Un record n’a pas été battu dans une élection moderne comme au premier tour, une semaine plus tôt, mais il était proche. Le 20 juin, l’abstention était de 66,7%, le chiffre le plus élevé de la Ve République, l’actuel régime constitutionnel, fondé en 1958. Ce n’est que lors du référendum de 2000 visant à raccourcir le mandat présidentiel de sept à cinq ans qu’il y avait un pourcentage d’abstentionnistes le plus important.
Au second tour des régionales, l’abstention devrait se rapprocher du chiffre record : selon l’estimation de l’institut Ifop, elle serait de 66%. Aux régionales 2015, l’abstention était de 41,5% et en 2010, de 48,9%.

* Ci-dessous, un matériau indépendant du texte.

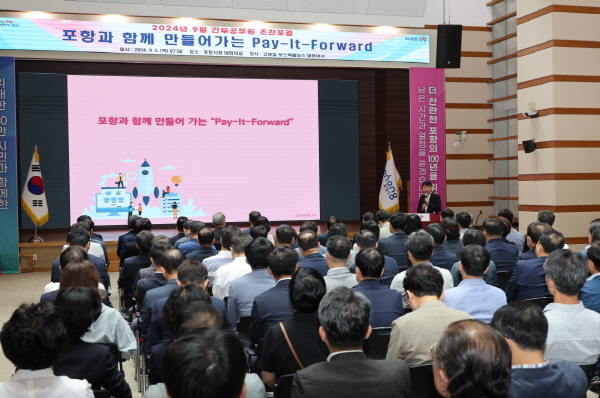 (경북=NSP통신) 조인호 기자 = 포항시는 5일 시청 대회의실에서 간부 공무원 100여 명을 대상으로 고병철 포스텍홀딩스 대표이사를 초청해 ‘포항과 함께 만들어 가는 Pay-It-Forward’ 라는 주제로 조찬포럼을 개최했다.

Il n’est pas rare que lors d’élections comme les régionales, la participation soit plus faible que lors des élections présidentielles, qui tendent à mobiliser environ 80 % de l’électorat. Mais cette fois, le gouffre se creuse, ce qui a ouvert un débat sur les solutions : certains politiques ont suggéré d’introduire le vote en ligne. Mais le débat tourne avant tout autour des causes. Est-ce une abstention motivée par un désintérêt pour ces élections particulières, où la campagne a été peu visible et le sentiment de beaucoup de Français était qu’il n’y avait rien d’important en jeu ? Ou l’abstention traduit-elle un problème fondamental de la démocratie française ?
Au premier tour, la plus forte abstention se situait chez les jeunes, les personnes aux revenus modestes et les électeurs traditionnels de l’extrême droite de Marine Le Pen.
“Coffee addict. Lifelong alcohol fanatic. Typical travel expert. Prone to bouts of apathy. Internet pioneer.”